What are the forces acting on a particle in equilibrium on an inclined plane?

[jernobyl]

Homework Statement

This is from exercises on Coplanar Forces and Moments.

A particle of mass 10kg rests in equilibrium on a smooth plane inclined at 30 degrees to the horizontal, being held by a light string inclined at 15 degrees to the line of greatest slope of the plane. Find the tension in the string and the magnitude of the reaction of the plane on the particle.

Homework Equations

Basic resolving forces...so basic I can't even do it.

The Attempt at a Solution

Well, I have resolved the 10g force to be parallel to the slope:

10 x 0 (a=0 because particle is in equilibrium?) = T - 10g.sin30
T = 10g.sin30
T = 49

and then I wondered if all I had to do was now resolve this force to be 15 degrees "up" as such but when I do that:

T = 49cos15
T = 47.33 N

Aaaaaaaand apparently the answer is meant to be 50.76N.

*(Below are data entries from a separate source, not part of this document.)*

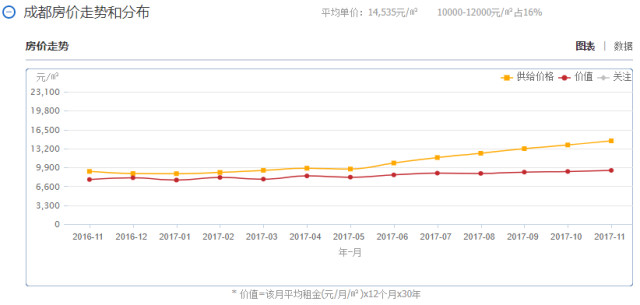 成都作为国家级中心城市,政治、经济地位突出,但房价仍保持在1万余元。因此有人认为:成都房价是全国的洼地,未来具备较大上涨空间。
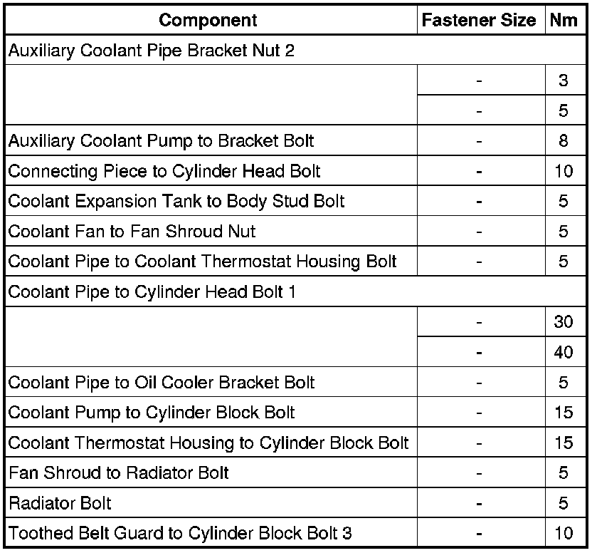 • 1 For bolt tightening clarification, refer to => [ Cooling System Components Overview, Engine Side ] Cooling System Components Overview, Engine Side and see - items 1 and 2 -.
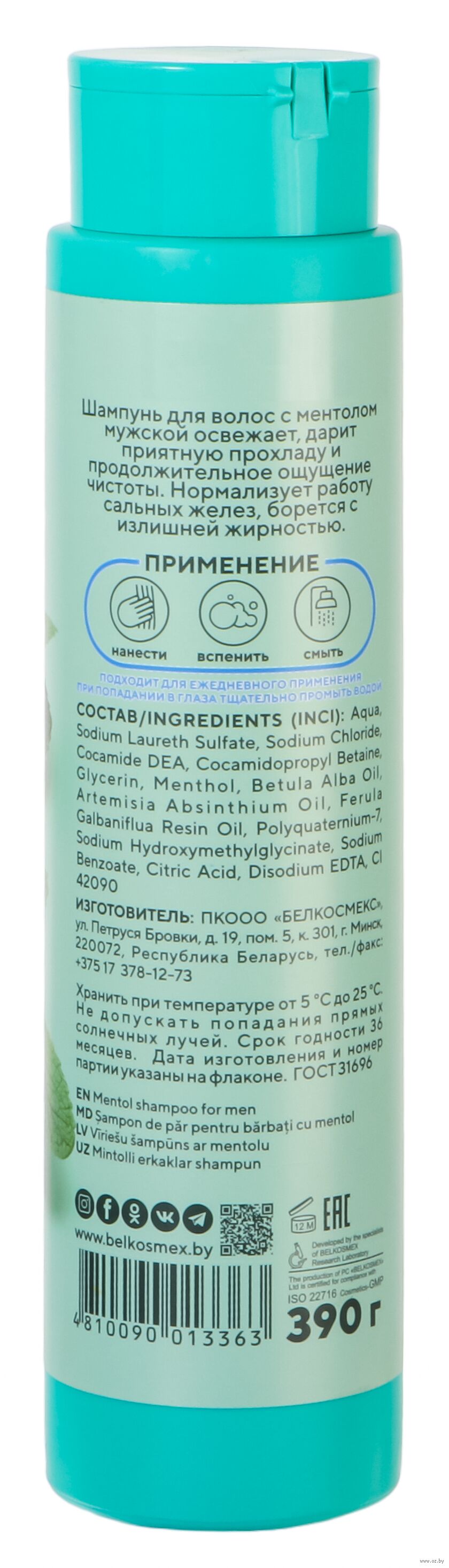 Aqua, Sodium Laureth Sulfate, Sodium Chloride, Cocamide DEA, Cocamidopropyl Betaine, Glycerin, Menthol, Betula Alba Oil, Artemisia Absinthium Oil, Ferula Galbaniflua Resin Oil, Polyquaternium-7, Sodium Hydroxymethylglycinate, Sodium Benzoate, Citric Acid, Disodium EDTA, CI 42090.Мы используем файлы cookie для обеспечения удобства работы с сайтом и его контакта с пользователем.

As for finding the reaction force...no idea. Any help with that would be well received.

Many thanks!

 

[Dick]

Well, it's not the easiest problem in the world. But you have three basic forces. You have the known weight of the block pointing straight down at 10kg*g. You have an unknown normal force pointing perpendicular to the plane. And you have an unknown tension pointing opposite the downward direction of the plane at 45 degrees to the horizontal, right? Ok, so all of the directions are known, but the magnitude of two of the forces is unknown. Nevertheless, the cancellation of the horizontal and vertical components of each of the forces should give you two equations in two unknowns. Just try it and be patient. The problem is a bit off the beaten track but at least everything is coplanar. Whew!

 

[HallsofIvy]

This is a physics problem rather than math so I am moving it.

 

[jernobyl]

Thanks for your reply, Dick, but err...I'm not entirely sure what you're saying. The "cancellation" of the horizontal and vertical components? I'm not following...

 

[jernobyl]

Hello? Anyone? :(

 

[Dick]

You can split all of the forces either horizontally and vertically or normal and parallel to the plane of the incline. Neither is easier than the other. But in the end all of the forces have to cancel since the object is not accelerating. This will give you two equations in two unknowns. Just try it and post your results and we can help from there.

 

[jernobyl]

Okay, well, erm, I've done it parallel and normal to the plane.

Resolving along the plane:

0 + Tcos15 - 10g.sin30 = 0

And perpendicular to the plane:

N + Tcos15 - 10g.cos30 = 0

I don't even know if that's right or not. I wish I just understood.